Problem to work on —
Below is a listing. Return the lines from the one that contains "弹出重要提示界面,点击【申请注销】即可注销重开" to the one that contains "4、选择当前所处状态(备孕中/已怀孕/宝宝已出生),系统将匹配相应服务内容。", both ends included, verbatim and with no pictures.

Data supplied —
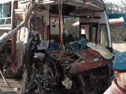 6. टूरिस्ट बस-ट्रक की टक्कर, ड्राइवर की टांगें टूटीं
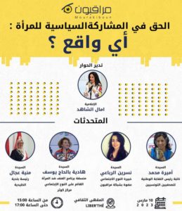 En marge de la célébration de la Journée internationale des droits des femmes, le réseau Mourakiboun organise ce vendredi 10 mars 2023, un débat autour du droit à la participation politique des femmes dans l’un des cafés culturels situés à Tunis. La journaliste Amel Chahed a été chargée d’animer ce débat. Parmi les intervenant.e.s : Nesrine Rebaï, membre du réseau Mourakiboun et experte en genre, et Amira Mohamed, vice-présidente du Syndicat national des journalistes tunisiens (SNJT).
--
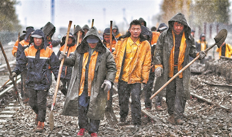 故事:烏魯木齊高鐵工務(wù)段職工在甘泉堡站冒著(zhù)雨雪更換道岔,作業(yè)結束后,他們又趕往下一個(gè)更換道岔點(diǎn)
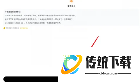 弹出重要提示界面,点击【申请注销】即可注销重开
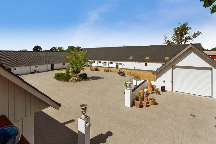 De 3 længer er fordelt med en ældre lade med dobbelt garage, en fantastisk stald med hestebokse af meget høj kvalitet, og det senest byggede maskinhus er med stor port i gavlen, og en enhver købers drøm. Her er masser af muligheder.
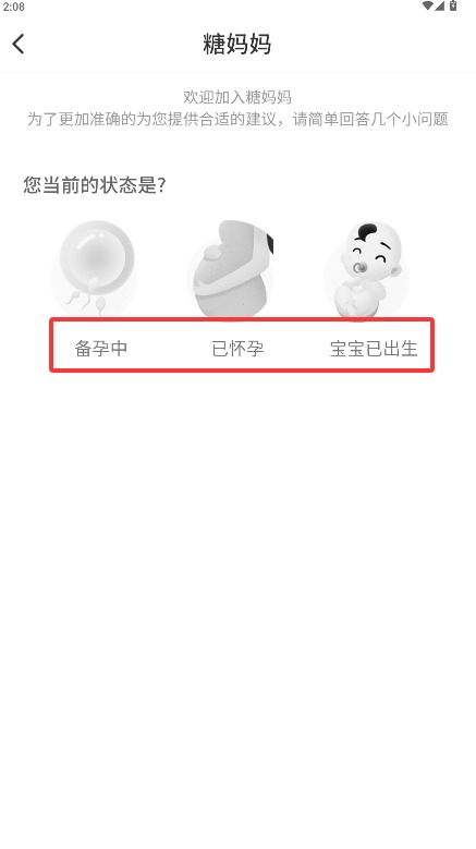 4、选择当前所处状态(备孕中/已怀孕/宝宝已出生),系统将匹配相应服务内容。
==
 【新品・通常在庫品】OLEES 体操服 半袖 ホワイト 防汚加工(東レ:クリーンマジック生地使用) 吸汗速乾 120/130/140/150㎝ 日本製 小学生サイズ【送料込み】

Answer to the exercise —
 弹出重要提示界面,点击【申请注销】即可注销重开
 De 3 længer er fordelt med en ældre lade med dobbelt garage, en fantastisk stald med hestebokse af meget høj kvalitet, og det senest byggede maskinhus er med stor port i gavlen, og en enhver købers drøm. Her er masser af muligheder.
 4、选择当前所处状态(备孕中/已怀孕/宝宝已出生),系统将匹配相应服务内容。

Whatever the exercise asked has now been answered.